Indeed going back to Oct. 2003 there was Washington Post/ABC News Poll that asked the same question (Question 49; full report .pdf):
Which would you prefer – (the current health insurance system in the United States, in which most people get their health insurance from private employers, but some people have no insurance); or (a universal health insurance program, in which everyone is covered under a program like Medicare that's run by the government and financed by taxpayers?)
62% = Universal
33% = Current
6% = No opinion
I would suggest that this shows that there has been a pretty stable 54-65% support for universal tax-based "expanded and improved Medicare for All" single payer.

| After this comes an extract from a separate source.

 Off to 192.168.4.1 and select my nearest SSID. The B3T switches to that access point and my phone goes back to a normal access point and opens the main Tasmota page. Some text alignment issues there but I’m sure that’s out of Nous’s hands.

Notice that none of these is asking about a public option that allows some people to buy into a pubilc option with via an out of pocket premium, while mandating that most people buy from private for-profit insurance companies. That poll has not been done. Polls that describe public option as Medicre-like are piggy backing on the support for Medicare and "Expanded and Improved Medicare for All" but are disengenuous at best given that the plans actually call for the public option to be individual-buyer premium-based (not universal tax based) and limited in their availability and ability to compete. Harrumph. What the beltway actually plans to pass has very little to with the wording offered in the polls showing support for public option. I am concerend that when folks find out what they are getting, that they are going to be similarly pissed. I am all for getting the best reform we can get. Just no need to lie about what the American people would or would not support. This has to be how government works, not what American want (or the 20 years of groundwork by single payer activists being ignored or lied about).

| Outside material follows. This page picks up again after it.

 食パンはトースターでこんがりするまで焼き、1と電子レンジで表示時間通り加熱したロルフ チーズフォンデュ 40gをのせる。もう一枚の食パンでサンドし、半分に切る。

Rep. John Conyers Jr. has introduced a bill in the House, H.R. 676, that would implement a single-payer system; the bill now has 85 co-sponsors. Recently Sen. Bernie Sanders introduced a single-payer bill in the U.S. Senate, S. 703.
HR-676 would institute a single payer health care system by expanding a greatly improved Medicare system to everyone residing in the U.S. HR-6766 would cover every person for all necessary medical care including prescription drugs, hospital, surgical, outpatient services, primary and preventive care, emergency services, dental, mental health, home health, physical therapy, rehabilitation (including for substance abuse), vision care, hearing services including hearing aids, chiropractic, durable medical equipment, palliative care, and long term care. HR-676 ends deductibles and co-payments. HR-676 would save hundreds of billions annually by eliminating the high overhead and profits of the private health insurance industry and HMOs.
Rep. Anthony Weiner (D-NY) will introduce, now probably on Wednesday, in the House Energy and Commerce Committee, an amendment to the Tri-Committee health care bill. The amendment would replace the private health insurance industry with a single-payer national health insurance program. In effect, the Weiner amendment would substitute HR-676, for the current Tri-Committee legislation.
The episode with Dr. Carroll will also be available online about 24 hours after the initial broadcast (episode #5097). And the usual rebroadcasts on the Comedy Central network on Wednesday, July 22, at 2 a.m., 9:30 a.m., 2 p.m., and 8:30 p.m. This episode was probably not bought (sic) to you by Prescott Pharmaceuticals.